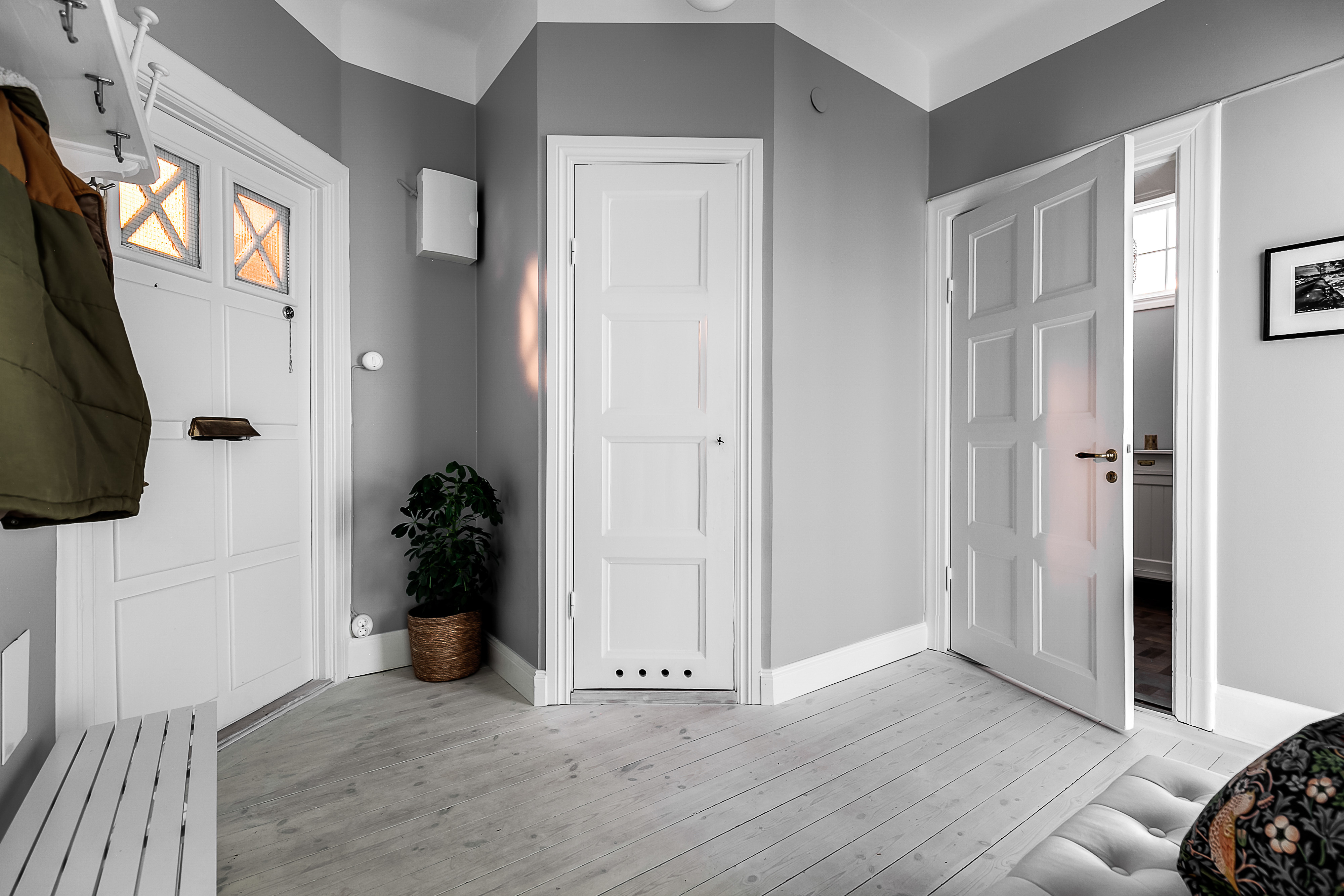 --- Gamla pigingången till lägenhetens kök fungerar som avhängningsyta av ytterkläder som är våta etc. Perfekt för barnfamiljen.
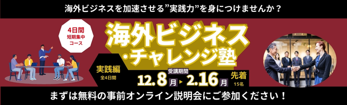 海外ビジネスを加速させたい、海外ビジネス経験者の方必見!
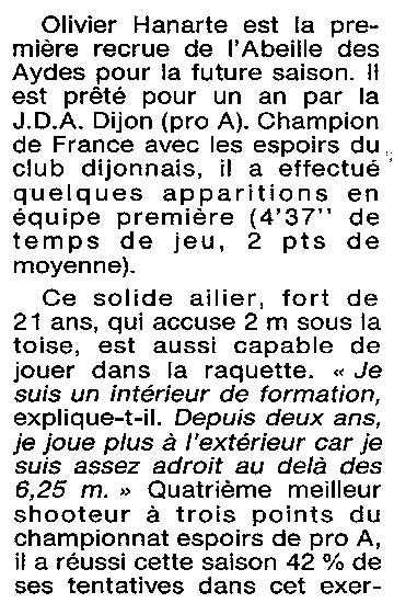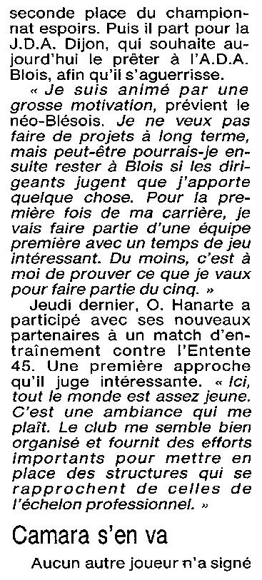 Saison 1994-1995 : Olivier Harnate, 1ère recrue de l’ADA Blois pour la nouvelle saison
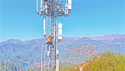 中国电信网络工程师在修水县崇山峻岭中架设5G基站
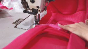 平铺的 71 块面料切片是二维的图画,又如何成为一个立体的三维书包呢?缝纫工,是这里的点睛之手。
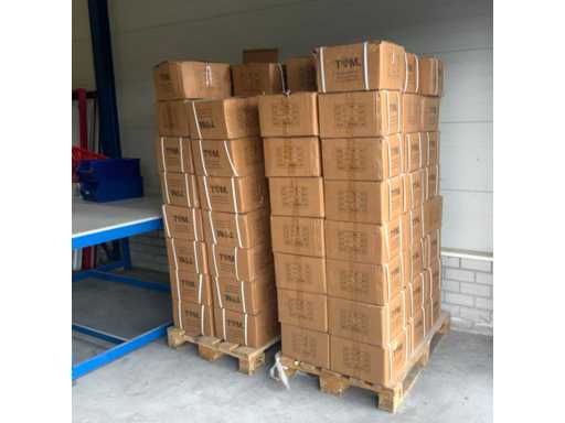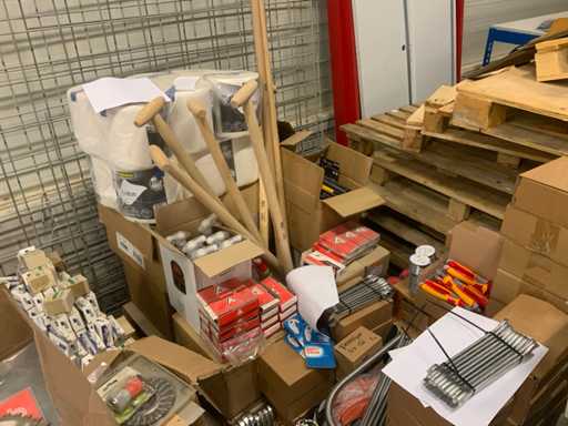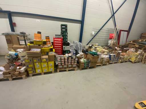 Grote partij diverse ongebruikte bevestigingsmaterialen, handgereedschap, werkkleding en installatiematerialen met een totale winkelverkoopwaarde van circa 95000,00 euro Verdeeld over 27 pallets. Pallets zijn inclusief. Zie PDF bestanden voor een compleet overzicht van de inbegrepen materialen. Per pallet zit een overzicht meegeleverd van de inhoud van de betreffende pallet.
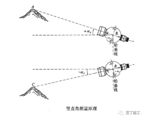 当视线在水平线以上时垂直角称为仰角,角值为正;视线在水平线以下时为俯角,角值为负,如图所示。
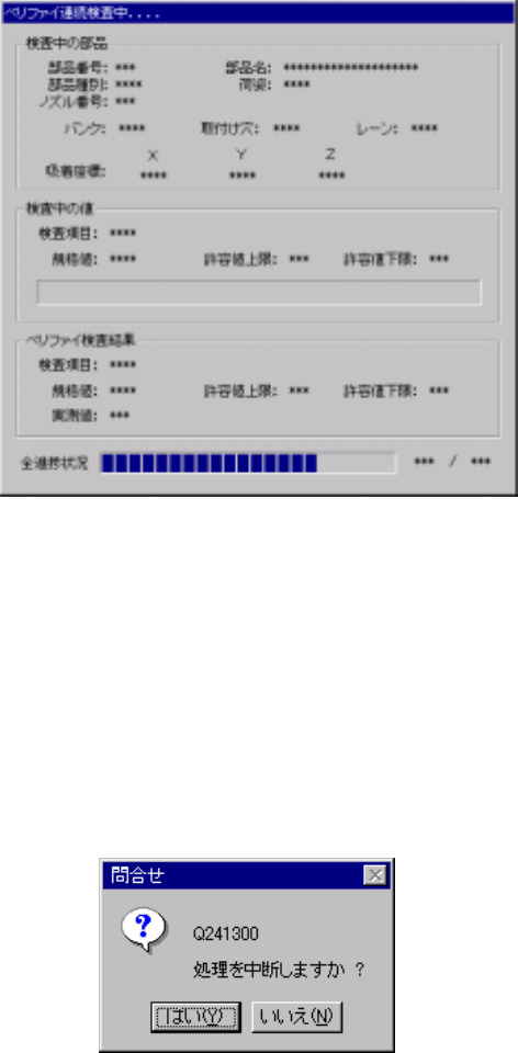 7 – 114 7-7-1-4-2. 連続検査中ダイアログ 連続検査中ダイアログ 連続検査中ダイアログ 連続検査中ダイアログ 連続検査中は以下のダイアログが表示されます。 ◇ 連続検査 を行っている 部品の内容が表示さ れ、 逐次実 行中の進捗状況と検査 結果を表示し て いきます。 図 図 図 図 7-7-1-4-4 連続検査実行中ダイアログ 連続検査実行中ダイアログ 連続検査実行中ダイアログ 連続検査実行中ダイアログ …

▶ [Exercise] Repeat exactly the lines from the one holding "Saison 1994-1995 : Olivier" through the last line of the entries, both included; the pictures do not belong in the copy.

▶ [Written solution]
 Saison 1994-1995 : Olivier Harnate, 1ère recrue de l’ADA Blois pour la nouvelle saison
 中国电信网络工程师在修水县崇山峻岭中架设5G基站
 平铺的 71 块面料切片是二维的图画,又如何成为一个立体的三维书包呢?缝纫工,是这里的点睛之手。
 Grote partij diverse ongebruikte bevestigingsmaterialen, handgereedschap, werkkleding en installatiematerialen met een totale winkelverkoopwaarde van circa 95000,00 euro Verdeeld over 27 pallets. Pallets zijn inclusief. Zie PDF bestanden voor een compleet overzicht van de inbegrepen materialen. Per pallet zit een overzicht meegeleverd van de inhoud van de betreffende pallet.
 当视线在水平线以上时垂直角称为仰角,角值为正;视线在水平线以下时为俯角,角值为负,如图所示。
 7 – 114 7-7-1-4-2. 連続検査中ダイアログ 連続検査中ダイアログ 連続検査中ダイアログ 連続検査中ダイアログ 連続検査中は以下のダイアログが表示されます。 ◇ 連続検査 を行っている 部品の内容が表示さ れ、 逐次実 行中の進捗状況と検査 結果を表示し て いきます。 図 図 図 図 7-7-1-4-4 連続検査実行中ダイアログ 連続検査実行中ダイアログ 連続検査実行中ダイアログ 連続検査実行中ダイアログ …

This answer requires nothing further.